## Required work
Among the lines below, output only those between the line holding "D'après Anton VAN" and the line holding "Enables remote operation, answer/end", inclusive, exactly as written and with no pictures.

## Task inputs

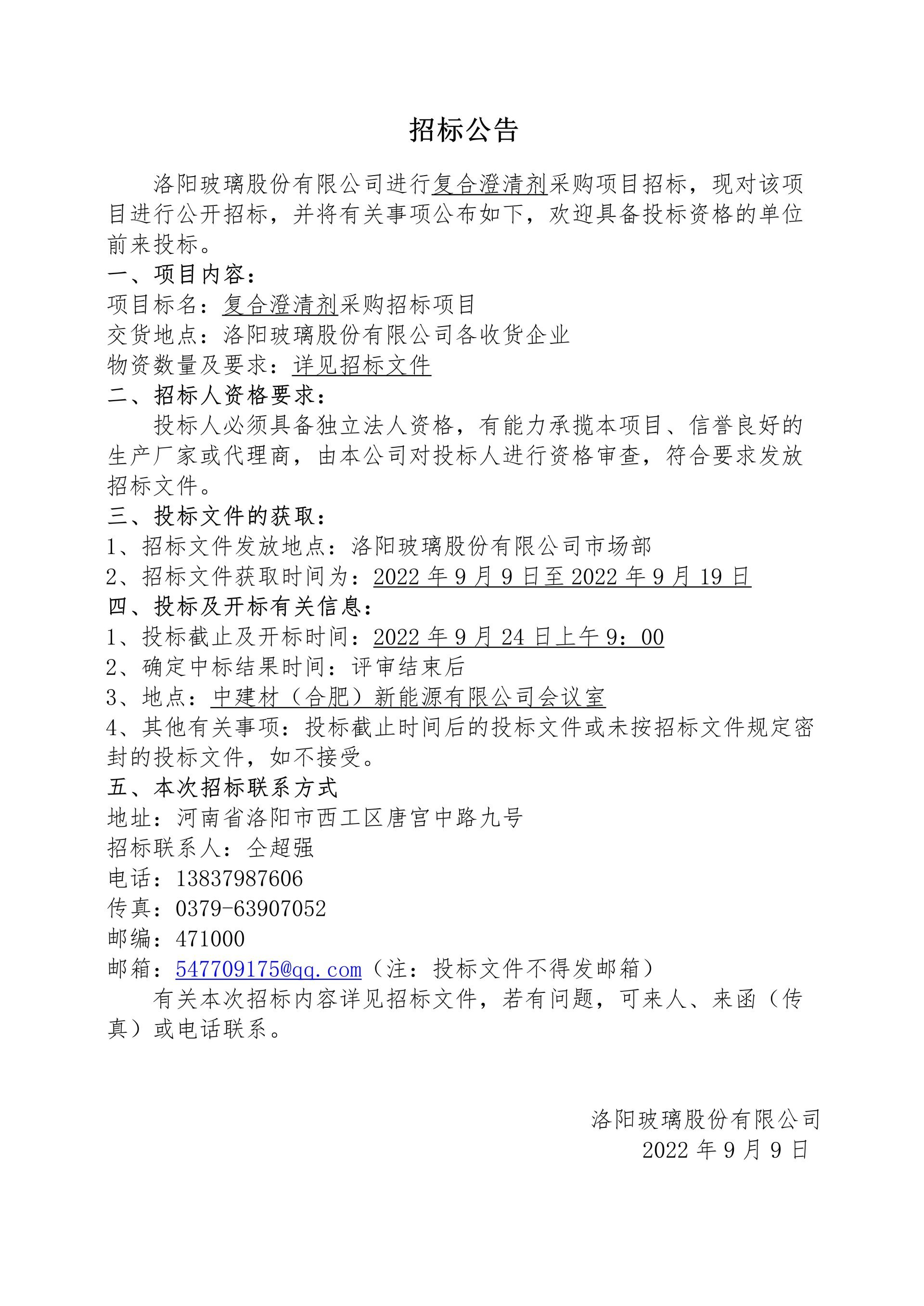 洛阳玻璃股份有限公司复合澄清剂采购项目招标公告
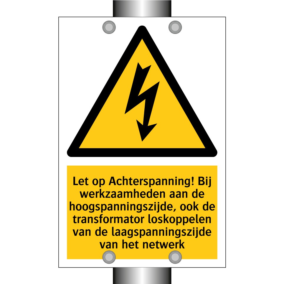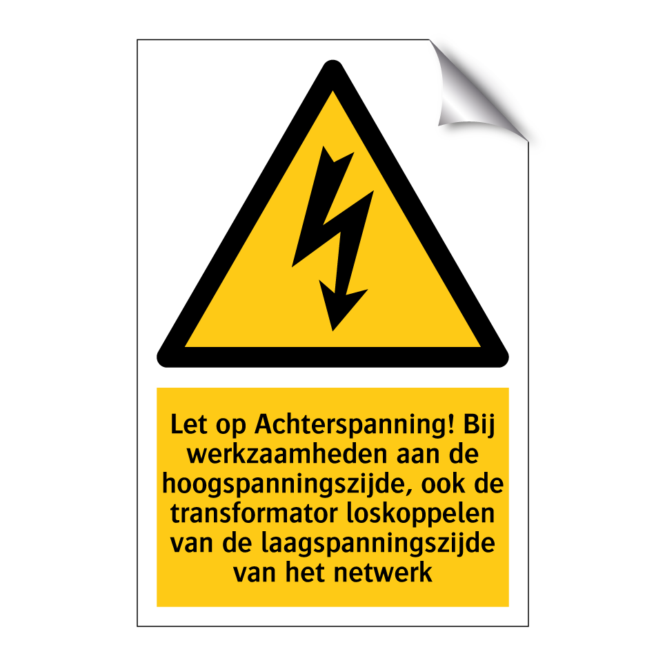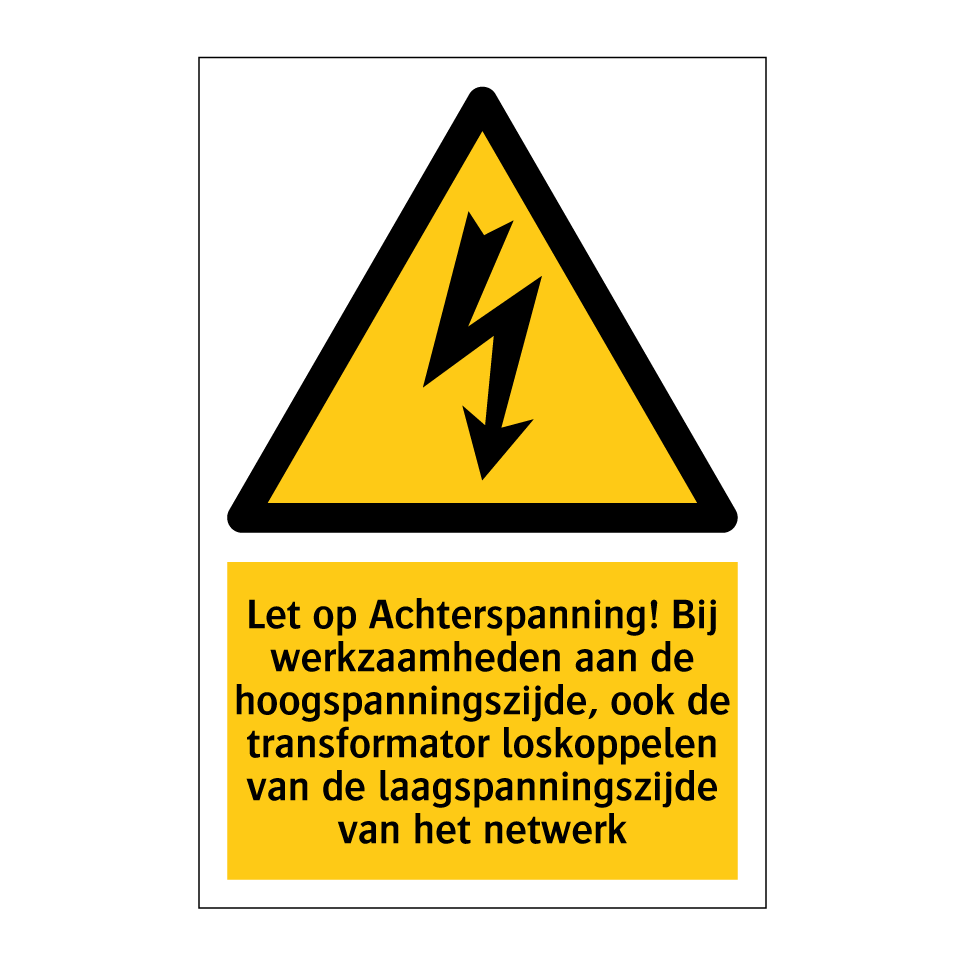 Waarschuwingsbord met de tekst Let op Achterspanning! Bij werkzaamheden aan de hoogspanningszijde, ook de transformator loskoppelen van de laagspanningszijde van het netwerk
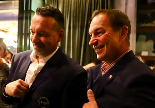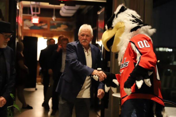 Alumni members there included Karl Alzner, Peter Bondra, Sergei Gonchar, Alan Hangsleben, Brent Johnson, Dmitri Khristich, Olie Kolzig, Nick Kypreos, Yvon Labre, Craig Laughlin, Dennis Maruk, Alan May, Kelly Miller, Paul Mulvey, Andrei Nikolishin, Steve Oleksy, Errol Rausse, Bill Riley, Ken Sabourin and Richard Zednik. Rod Langway was supposed to be there but couldn’t make it. Bondra said that someone told him he had jury duty, which is obviously false because no one has jury duty on a Friday night. Bondra also said Ovi was coming so I think he had too much wine.
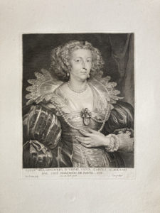 D'après Anton VAN DYCK. — Portrait de Geneviève d'Urfé duchesse de Croi ; Portrait du comte de Nassau ; Portrait de Catherine Howard ; Portrait du Prince de Carignan ; Portrait de Daniel Mytens. — Suite de cinq chalcographies portant un cachet...
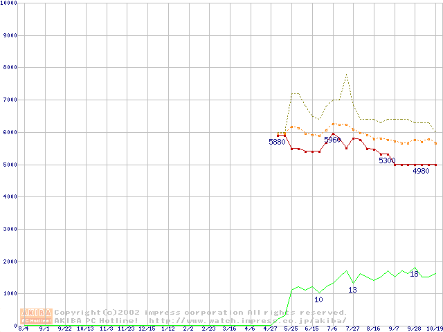 メモリ主要製品(最安値5千円未満)の最安値推移
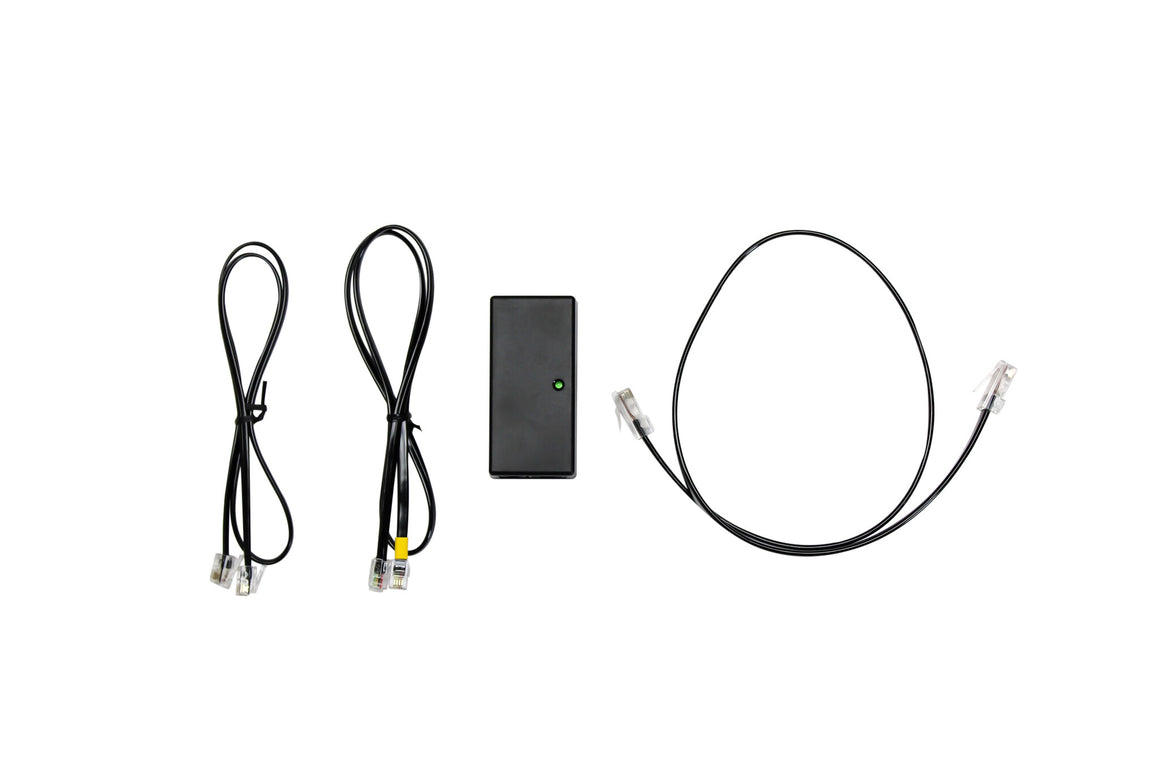 Enables remote operation, answer/end calls, for wireless headset use with various phones, thus eliminating the need for a mechanical handset lifter
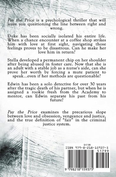 Pay the Price is a psychological thriller that will leave you questioning the line between right and wrong. Duke has been socially isolated his entire life. When a chance encounter at a coffee shop strikes him with love at first sight, navigating those feelings proves to be disastrous. Can he make her love him in return? Stella developed a permanent chip on her shoulder after being abused in foster care. Now that she is an adult with a stable job as a nurse's aide, can she prove her worth by forcing a mute patient to speak...even if her methods are questionable? Edwin has been a solo detective for over 30 years after the tragic death of his partner, but when he is assigned a rookie fresh from the Academy to mentor, can Edwin separate his past from his future? Pay the Price examines the precarious slope between love and obsession, vengeance and justice, and the true definition of "fair" in the criminal justice system.

## Response box
 D'après Anton VAN DYCK. — Portrait de Geneviève d'Urfé duchesse de Croi ; Portrait du comte de Nassau ; Portrait de Catherine Howard ; Portrait du Prince de Carignan ; Portrait de Daniel Mytens. — Suite de cinq chalcographies portant un cachet...
 メモリ主要製品(最安値5千円未満)の最安値推移
 Enables remote operation, answer/end calls, for wireless headset use with various phones, thus eliminating the need for a mechanical handset lifter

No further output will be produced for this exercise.